→ **ABOUT THIS TASK**: Please keep the images out and set down the data exactly as given.

Stored data
━━━━━━━━━━━━━━━━

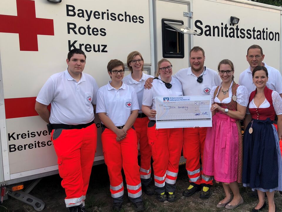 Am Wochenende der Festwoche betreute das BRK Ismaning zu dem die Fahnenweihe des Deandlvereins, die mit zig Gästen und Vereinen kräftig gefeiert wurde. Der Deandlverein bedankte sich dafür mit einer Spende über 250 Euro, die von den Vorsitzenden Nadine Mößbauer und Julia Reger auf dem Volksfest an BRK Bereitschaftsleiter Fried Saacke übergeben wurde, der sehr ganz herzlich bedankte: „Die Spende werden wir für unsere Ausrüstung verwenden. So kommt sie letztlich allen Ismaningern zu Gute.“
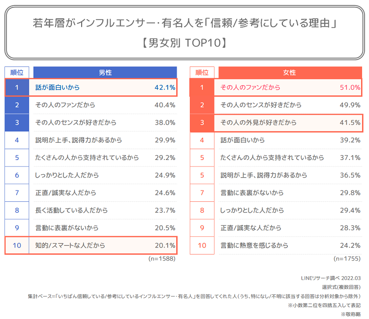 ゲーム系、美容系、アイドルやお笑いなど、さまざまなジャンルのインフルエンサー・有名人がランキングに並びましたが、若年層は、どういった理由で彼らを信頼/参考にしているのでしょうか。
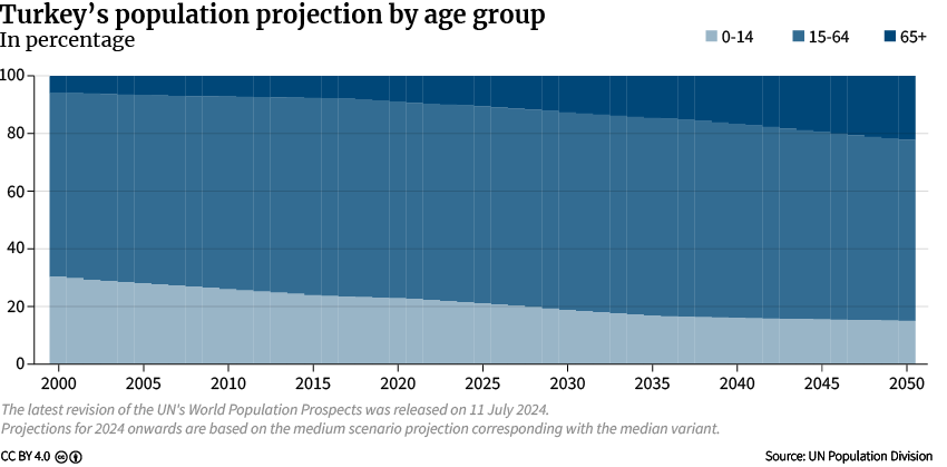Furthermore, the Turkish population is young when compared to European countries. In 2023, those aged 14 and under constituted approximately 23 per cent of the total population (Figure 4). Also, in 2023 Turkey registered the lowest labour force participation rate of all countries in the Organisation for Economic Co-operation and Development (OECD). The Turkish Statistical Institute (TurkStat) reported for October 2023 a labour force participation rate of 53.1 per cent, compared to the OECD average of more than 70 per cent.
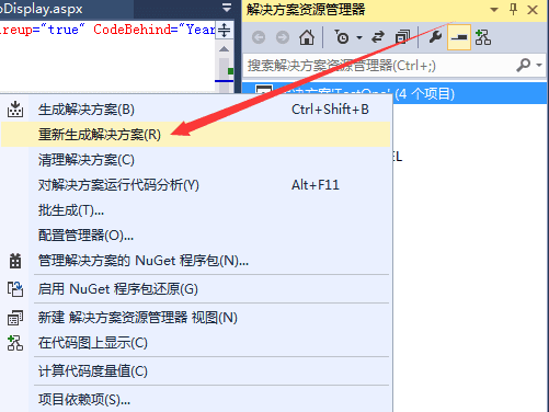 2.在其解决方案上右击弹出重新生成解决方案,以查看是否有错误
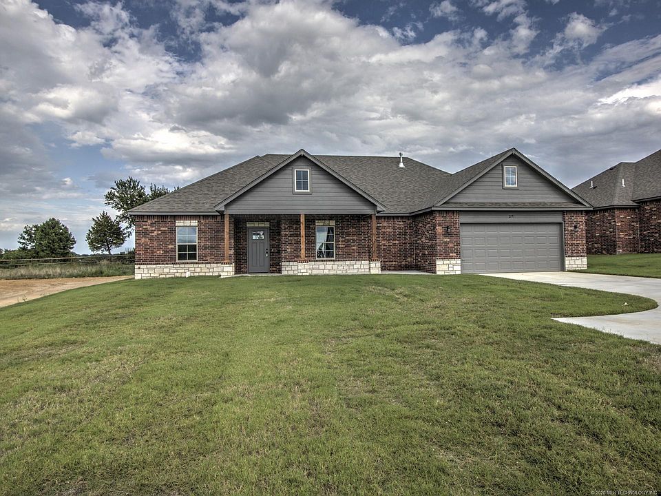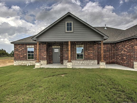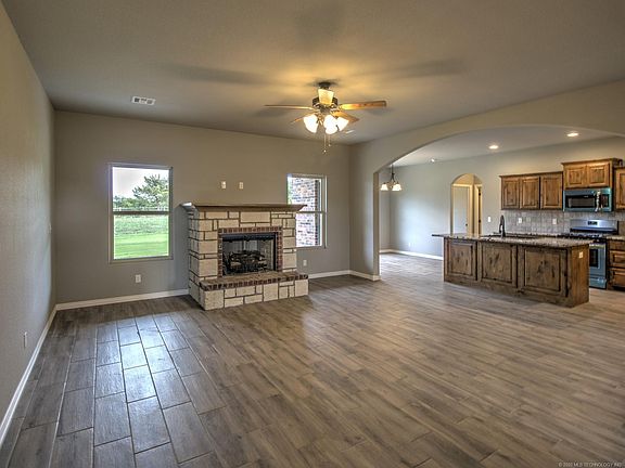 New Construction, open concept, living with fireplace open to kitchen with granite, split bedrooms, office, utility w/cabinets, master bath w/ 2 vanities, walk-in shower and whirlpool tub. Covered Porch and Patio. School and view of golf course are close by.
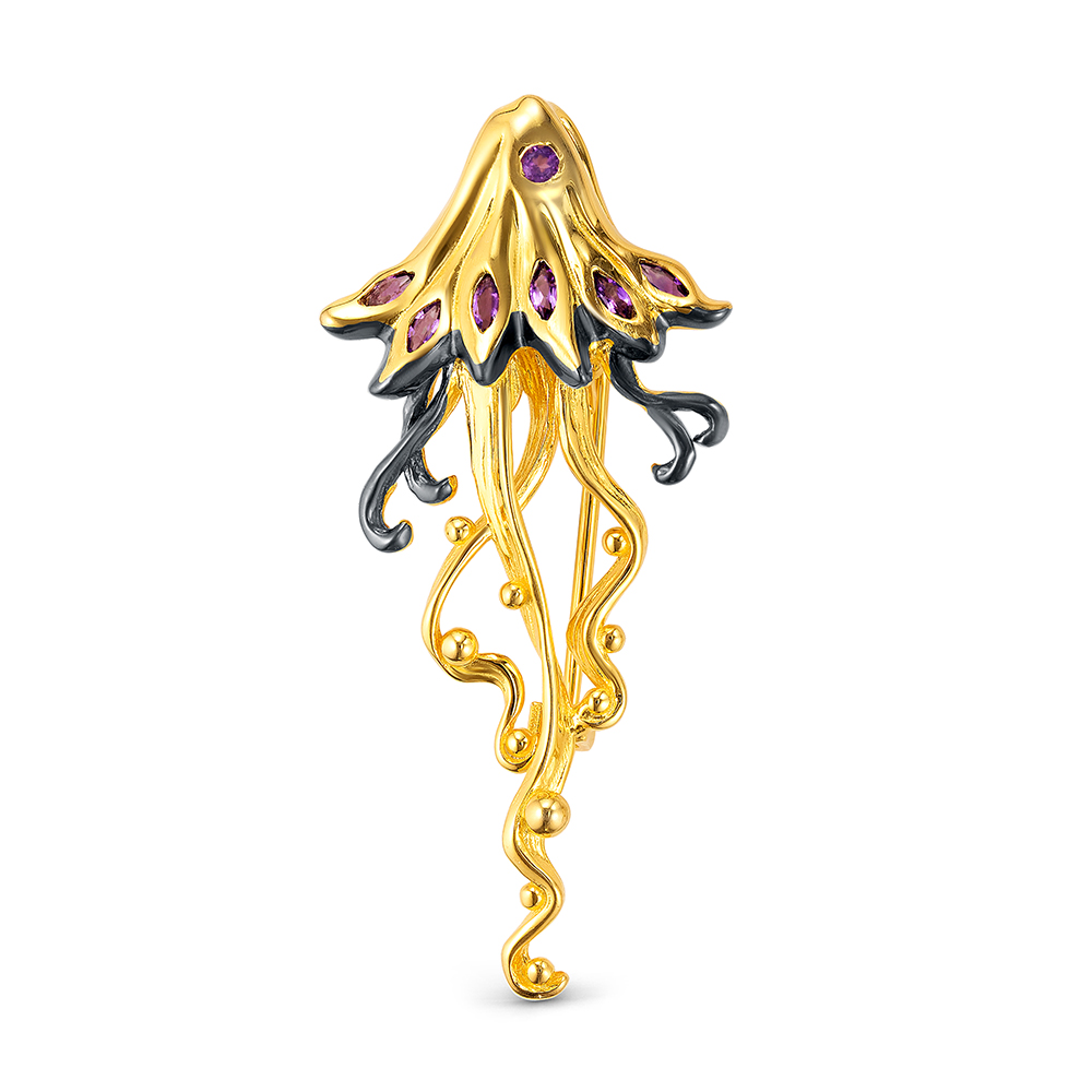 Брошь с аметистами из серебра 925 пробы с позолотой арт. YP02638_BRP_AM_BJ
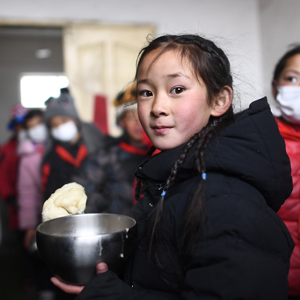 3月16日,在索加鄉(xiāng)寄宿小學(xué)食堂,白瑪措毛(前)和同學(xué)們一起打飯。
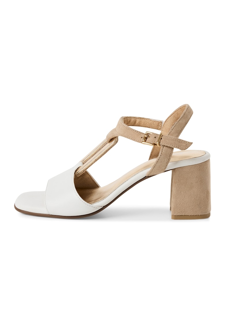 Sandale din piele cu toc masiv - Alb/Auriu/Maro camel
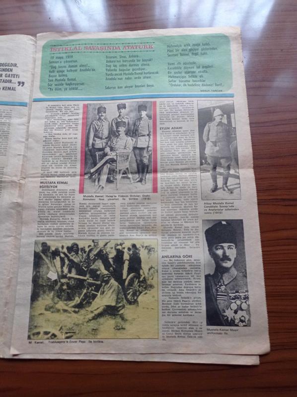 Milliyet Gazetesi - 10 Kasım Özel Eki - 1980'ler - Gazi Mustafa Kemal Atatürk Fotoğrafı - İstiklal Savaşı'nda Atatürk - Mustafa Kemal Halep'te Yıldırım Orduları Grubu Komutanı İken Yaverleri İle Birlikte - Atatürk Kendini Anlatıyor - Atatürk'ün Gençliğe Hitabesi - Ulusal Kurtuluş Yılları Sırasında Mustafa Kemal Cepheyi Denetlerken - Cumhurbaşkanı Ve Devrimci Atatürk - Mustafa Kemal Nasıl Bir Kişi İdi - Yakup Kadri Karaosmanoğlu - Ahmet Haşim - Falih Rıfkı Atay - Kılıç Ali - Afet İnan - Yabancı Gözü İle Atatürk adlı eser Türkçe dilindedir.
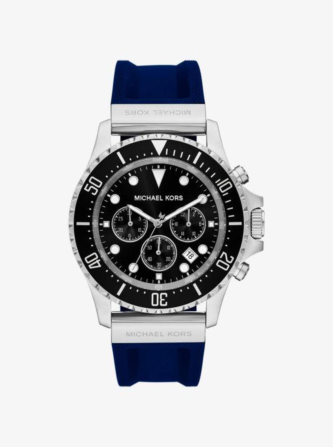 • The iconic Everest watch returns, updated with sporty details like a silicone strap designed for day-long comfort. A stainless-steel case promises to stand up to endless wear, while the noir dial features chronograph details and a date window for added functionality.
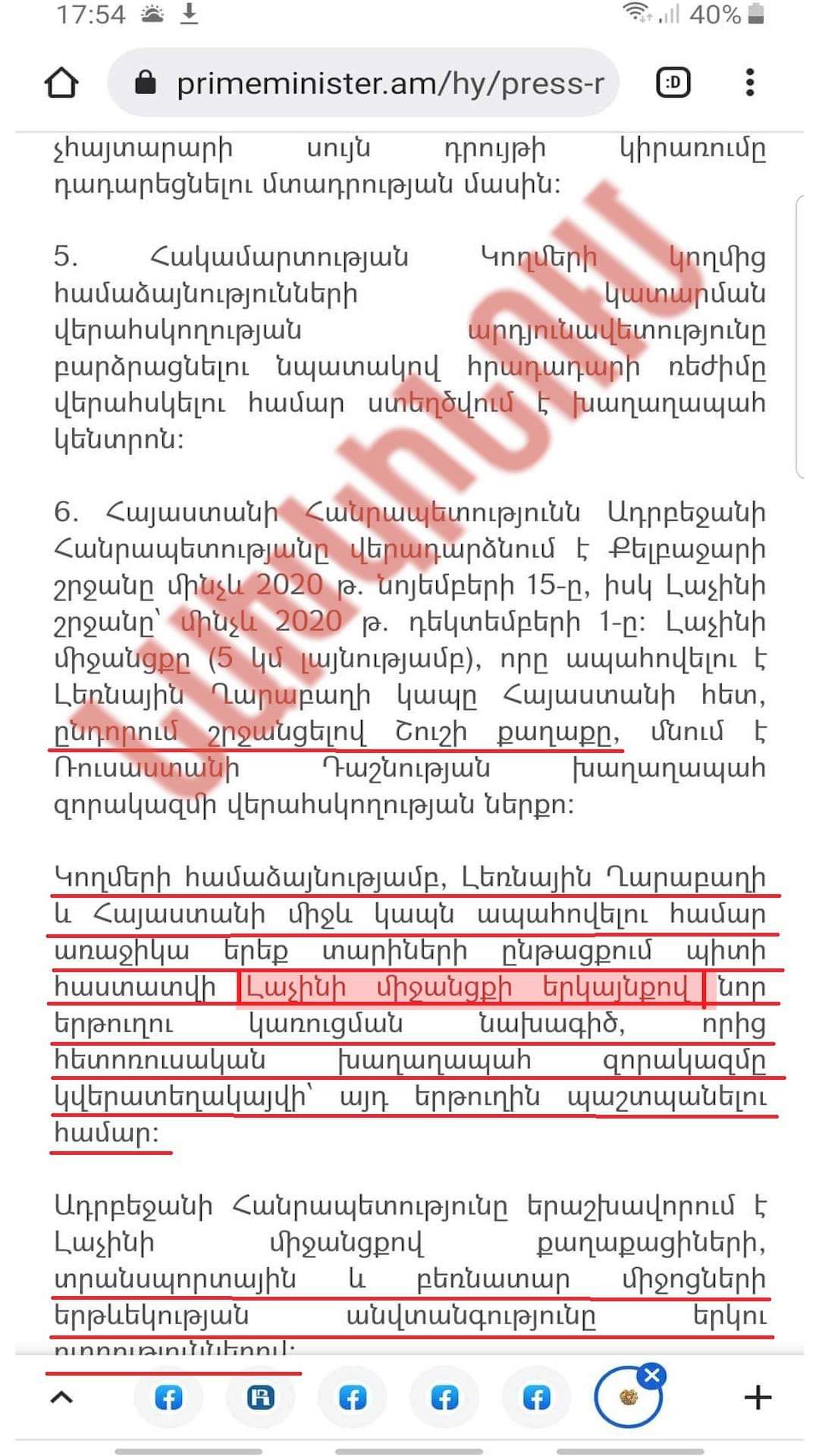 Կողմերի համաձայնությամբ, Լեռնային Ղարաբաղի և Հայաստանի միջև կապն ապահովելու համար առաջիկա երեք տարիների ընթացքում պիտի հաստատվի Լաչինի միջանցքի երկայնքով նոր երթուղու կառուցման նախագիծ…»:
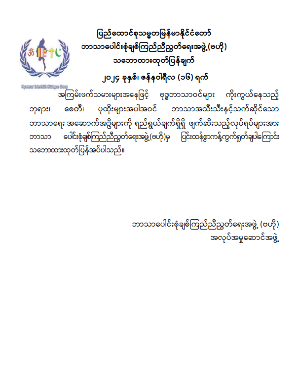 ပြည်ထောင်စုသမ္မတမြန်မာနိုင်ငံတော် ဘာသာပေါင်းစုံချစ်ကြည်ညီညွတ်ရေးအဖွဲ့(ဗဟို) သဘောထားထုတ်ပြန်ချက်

━━━━━━━━━━━━━━━━

→ **RESPONSE FOR THIS EXERCISE**:
 Am Wochenende der Festwoche betreute das BRK Ismaning zu dem die Fahnenweihe des Deandlvereins, die mit zig Gästen und Vereinen kräftig gefeiert wurde. Der Deandlverein bedankte sich dafür mit einer Spende über 250 Euro, die von den Vorsitzenden Nadine Mößbauer und Julia Reger auf dem Volksfest an BRK Bereitschaftsleiter Fried Saacke übergeben wurde, der sehr ganz herzlich bedankte: „Die Spende werden wir für unsere Ausrüstung verwenden. So kommt sie letztlich allen Ismaningern zu Gute.“
 ゲーム系、美容系、アイドルやお笑いなど、さまざまなジャンルのインフルエンサー・有名人がランキングに並びましたが、若年層は、どういった理由で彼らを信頼/参考にしているのでしょうか。
Furthermore, the Turkish population is young when compared to European countries. In 2023, those aged 14 and under constituted approximately 23 per cent of the total population (Figure 4). Also, in 2023 Turkey registered the lowest labour force participation rate of all countries in the Organisation for Economic Co-operation and Development (OECD). The Turkish Statistical Institute (TurkStat) reported for October 2023 a labour force participation rate of 53.1 per cent, compared to the OECD average of more than 70 per cent.
 2.在其解决方案上右击弹出重新生成解决方案,以查看是否有错误
 New Construction, open concept, living with fireplace open to kitchen with granite, split bedrooms, office, utility w/cabinets, master bath w/ 2 vanities, walk-in shower and whirlpool tub. Covered Porch and Patio. School and view of golf course are close by.
 Брошь с аметистами из серебра 925 пробы с позолотой арт. YP02638_BRP_AM_BJ
 3月16日,在索加鄉(xiāng)寄宿小學(xué)食堂,白瑪措毛(前)和同學(xué)們一起打飯。
 Sandale din piele cu toc masiv - Alb/Auriu/Maro camel
 Milliyet Gazetesi - 10 Kasım Özel Eki - 1980'ler - Gazi Mustafa Kemal Atatürk Fotoğrafı - İstiklal Savaşı'nda Atatürk - Mustafa Kemal Halep'te Yıldırım Orduları Grubu Komutanı İken Yaverleri İle Birlikte - Atatürk Kendini Anlatıyor - Atatürk'ün Gençliğe Hitabesi - Ulusal Kurtuluş Yılları Sırasında Mustafa Kemal Cepheyi Denetlerken - Cumhurbaşkanı Ve Devrimci Atatürk - Mustafa Kemal Nasıl Bir Kişi İdi - Yakup Kadri Karaosmanoğlu - Ahmet Haşim - Falih Rıfkı Atay - Kılıç Ali - Afet İnan - Yabancı Gözü İle Atatürk adlı eser Türkçe dilindedir.
 • The iconic Everest watch returns, updated with sporty details like a silicone strap designed for day-long comfort. A stainless-steel case promises to stand up to endless wear, while the noir dial features chronograph details and a date window for added functionality.
 Կողմերի համաձայնությամբ, Լեռնային Ղարաբաղի և Հայաստանի միջև կապն ապահովելու համար առաջիկա երեք տարիների ընթացքում պիտի հաստատվի Լաչինի միջանցքի երկայնքով նոր երթուղու կառուցման նախագիծ…»:
 ပြည်ထောင်စုသမ္မတမြန်မာနိုင်ငံတော် ဘာသာပေါင်းစုံချစ်ကြည်ညီညွတ်ရေးအဖွဲ့(ဗဟို) သဘောထားထုတ်ပြန်ချက်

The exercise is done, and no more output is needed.